The London firm, currently enjoying surging popularity, has launched a new version of the Italia for 2011 with a completely different shape, but still keeps it crucially a penny below four figures with this SRAM Apex build.
The Italia is made in Italy from Deda 7003 aluminium and the most striking aspect is the swooping flattened top tube, whose arc continues in the chainstays. This is paired with an oversized down tube and standard round-gauge seat tube. The rear brake cable routes internally through the top tube, which gives it a clean look, and the minimalist, arty graphics accentuate the effect. On the practical side, the frame has mudguard eyes and rear rack mounts. Condor says the arched top tube is not just for aesthetics – it allows a D-lock to be mounted inside the main triangle.
SRAM’s new budget Apex groupset has a super-wide range of gears beyond anything offered by its Japanese and Italian rivals. SRAM has reworked the compact chainset using a system already successful in its mtb components to give the Apex 10-speed cassette a spread of gears from 11 to 32 teeth. Still keeping the standard 50/34 at the front, Apex is actually the first road groupset to offer these ratios. The shifters use the same Double Tap mechanism as the more expensive groupsets.
The wheels are made for Condor by Italian track component specialist Miche, and the finishing kit is also Condor-branded and made by the usual Italian names (Selle San Marco, Deda).
Upright and at ‘em
Apex does not offer long-reach calipers – surely an oversight – so because the Italia has proper mudguard clearance, Condor has fitted its own-brand solution. The other deviation is the cheaper non-series SRAM S100 2.2 chainset and splined BB.
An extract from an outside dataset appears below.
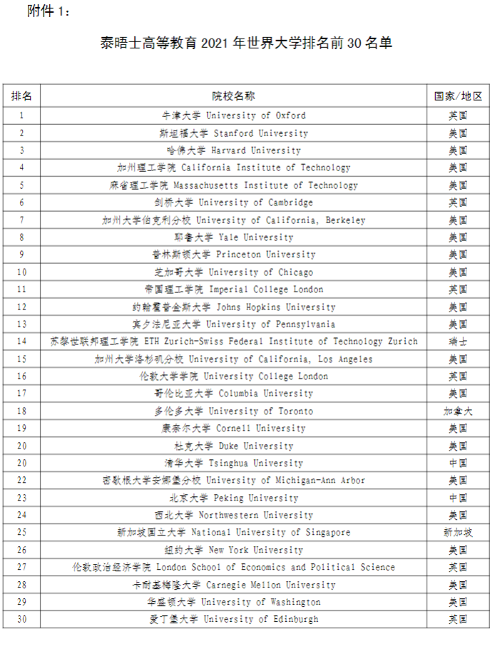 (1)泰晤士高等教育2021年世界大学排名前30名高校的研究生、泰晤士高等教育2021年世界大学排名前10名国内高校的研究生。
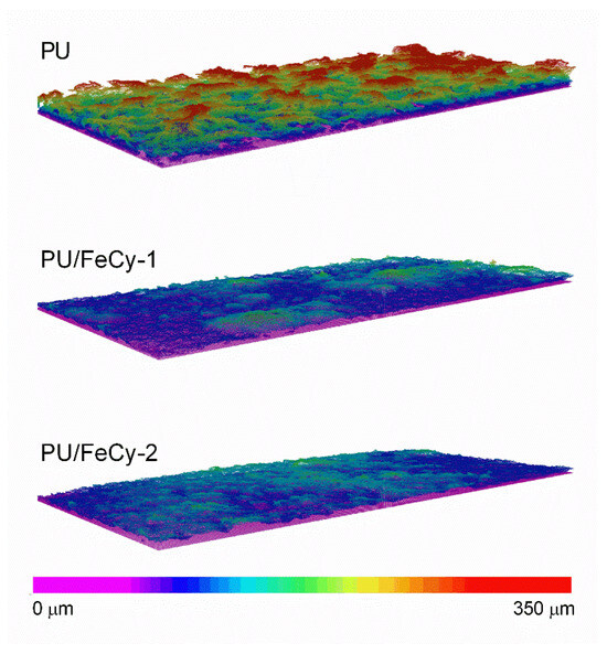 The topographical properties of the PU, PU/FeCy-1, and PU/FeCy-2 surfaces were evaluated by AFM using a PicoSPM LE system (Molecular Imaging) and Agilent Technologies PicoView 1.14.4 software (Keysight Technologies, Santa Rosa, CA, USA). The images were obtained in air, at room temperature, in HQ:NSC35/Hard/Al BS-C μmasch® dynamic mode. The surface roughness values were obtained using Gwyddion® software (version 2.67) and represent the average values calculated from measurements taken on three distinct samples.

The Condor has the tallest head tube on test at 17.5cm, giving a more upright position than the others. This gives a good clue as to the sort of riding the Italia might be best put to – commuting and more leisurely riding – getting round a sportive comfortably rather than setting the fastest time.
The Apex groupset by the same token was launched to kill off the triple chainset offered by Shimano on its entry level bikes. Although SRAM points out that the likes of Alexandre Vinokourov used Apex to climb Monte Zoncolan in the Giro d’Italia, the reality is that such a spread of gears is going to mean bigger jumps between the ratios, and more serious riders generally prefer closer ratios to keep cadence as even as possible.
It’s not particularly light but the Condor rides extremely well. It’s stable, predictable, comfortable and easy to like. This winter, with mudguards fitted, it has been the bike we’ve gone to and in a bike test that’s telling.